REQUIRED ACTION - Find each line below that includes "para", then copy it.

EXCERPTED DATA -
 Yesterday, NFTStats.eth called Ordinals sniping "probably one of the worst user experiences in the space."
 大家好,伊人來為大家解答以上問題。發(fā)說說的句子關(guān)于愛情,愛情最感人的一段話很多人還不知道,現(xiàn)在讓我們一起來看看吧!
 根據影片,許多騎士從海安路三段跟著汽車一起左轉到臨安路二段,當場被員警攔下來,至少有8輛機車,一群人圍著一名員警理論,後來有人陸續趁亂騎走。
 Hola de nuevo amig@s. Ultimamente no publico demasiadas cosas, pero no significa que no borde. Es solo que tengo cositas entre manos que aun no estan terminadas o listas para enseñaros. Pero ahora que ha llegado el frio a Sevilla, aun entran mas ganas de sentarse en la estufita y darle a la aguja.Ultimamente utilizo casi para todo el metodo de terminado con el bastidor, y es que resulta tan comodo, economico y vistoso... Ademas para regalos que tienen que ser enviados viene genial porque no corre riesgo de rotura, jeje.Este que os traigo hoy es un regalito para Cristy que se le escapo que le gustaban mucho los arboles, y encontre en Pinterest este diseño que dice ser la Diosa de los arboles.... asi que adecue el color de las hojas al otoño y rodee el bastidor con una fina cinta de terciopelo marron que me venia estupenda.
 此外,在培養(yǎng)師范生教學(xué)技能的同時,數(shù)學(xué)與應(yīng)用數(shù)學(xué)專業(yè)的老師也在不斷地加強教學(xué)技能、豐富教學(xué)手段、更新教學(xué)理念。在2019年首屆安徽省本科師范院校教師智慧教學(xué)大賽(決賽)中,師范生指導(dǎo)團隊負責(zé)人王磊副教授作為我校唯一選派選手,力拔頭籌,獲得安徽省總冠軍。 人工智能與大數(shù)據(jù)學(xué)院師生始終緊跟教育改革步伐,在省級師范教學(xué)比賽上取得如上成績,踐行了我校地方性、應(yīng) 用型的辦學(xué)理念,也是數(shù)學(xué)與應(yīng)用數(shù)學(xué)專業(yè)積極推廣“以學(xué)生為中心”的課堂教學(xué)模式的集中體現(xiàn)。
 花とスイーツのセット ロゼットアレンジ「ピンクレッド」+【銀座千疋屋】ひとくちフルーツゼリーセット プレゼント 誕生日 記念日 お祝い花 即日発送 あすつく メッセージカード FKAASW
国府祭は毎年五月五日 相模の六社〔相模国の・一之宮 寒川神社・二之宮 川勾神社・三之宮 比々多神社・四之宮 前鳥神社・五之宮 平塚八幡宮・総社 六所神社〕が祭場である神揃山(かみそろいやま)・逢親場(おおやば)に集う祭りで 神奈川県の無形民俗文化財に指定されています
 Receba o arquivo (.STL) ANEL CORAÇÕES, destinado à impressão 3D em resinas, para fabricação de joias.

==

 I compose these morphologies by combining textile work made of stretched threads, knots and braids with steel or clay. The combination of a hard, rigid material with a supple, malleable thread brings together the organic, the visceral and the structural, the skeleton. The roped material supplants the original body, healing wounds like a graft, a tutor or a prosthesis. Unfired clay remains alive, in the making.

REPLY -
 Hola de nuevo amig@s. Ultimamente no publico demasiadas cosas, pero no significa que no borde. Es solo que tengo cositas entre manos que aun no estan terminadas o listas para enseñaros. Pero ahora que ha llegado el frio a Sevilla, aun entran mas ganas de sentarse en la estufita y darle a la aguja.Ultimamente utilizo casi para todo el metodo de terminado con el bastidor, y es que resulta tan comodo, economico y vistoso... Ademas para regalos que tienen que ser enviados viene genial porque no corre riesgo de rotura, jeje.Este que os traigo hoy es un regalito para Cristy que se le escapo que le gustaban mucho los arboles, y encontre en Pinterest este diseño que dice ser la Diosa de los arboles.... asi que adecue el color de las hojas al otoño y rodee el bastidor con una fina cinta de terciopelo marron que me venia estupenda.
 Receba o arquivo (.STL) ANEL CORAÇÕES, destinado à impressão 3D em resinas, para fabricação de joias.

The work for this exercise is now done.